DOI: 10.4103/0972-9062.308806

Background & objectives: Understanding the effect of biotic and abiotic factors on the biology and ecology of immature stages of anopheline larvae is very important in controlling malaria vector mosquitoes. Therefore, this study was focused on the monitoring of ecological factors affecting the distribution, dynamics, and density of malaria vector mosquitoes in the District of Trincomalee, Sri Lanka. Methods: Permanent and temporary breeding habitats were identified and selected from five possible malaria sensitive sites in the Trincomalee district.
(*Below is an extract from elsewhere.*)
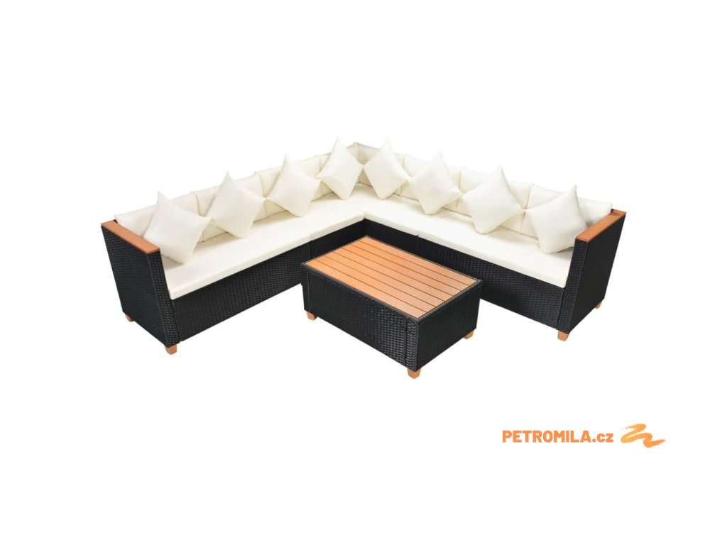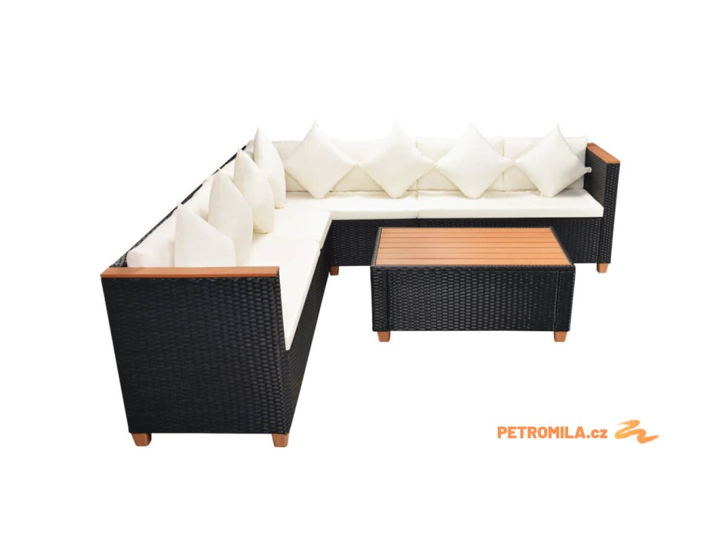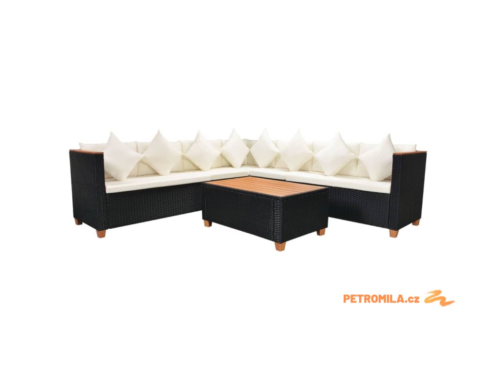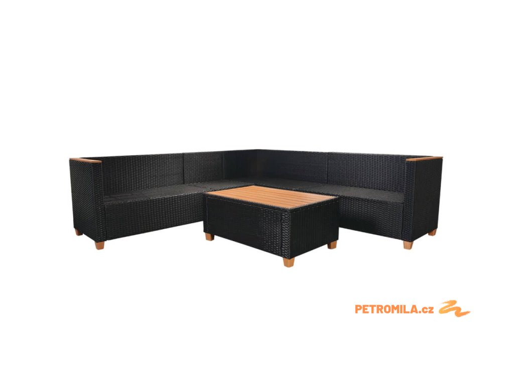 5dílná zahradní sedací souprava s poduškami polyratan černá

Anopheles larvae and macro-invertebrates were collected using standard methods for 16 months (from October 2013 to January 2015) and they were identified microscopically. Eight physico-chemical parameters of the breeding habitats were measured. Results: Overall, a total of 4815 anopheline larvae belonging to 13 species were collected from 3,12,764 dips from 18 permanent and temporary breeding habitats. The abundance of anopheline larvae showed a significant positive correlation (p <0.05) with physico-chemical parameters in breeding habitats, such as temperature, dissolved oxygen, and turbidity. A total of 35 macro-invertebrate taxa were collected from the anopheline mosquito breeding habitats. Interpretation & conclusion: This study represents the first systematic update of water quality parameters, macro-invertebrate communities associated with Anopheles mosquito oviposition sites in the District of Trincomalee, Sri Lanka. Rainfall intensity and wind speed are critical meteorological factors for the distribution and abundance of malaria vectors. Knowledge generated on the ecology of Anopheles mosquitoes will help to eliminate malaria vectors in the country.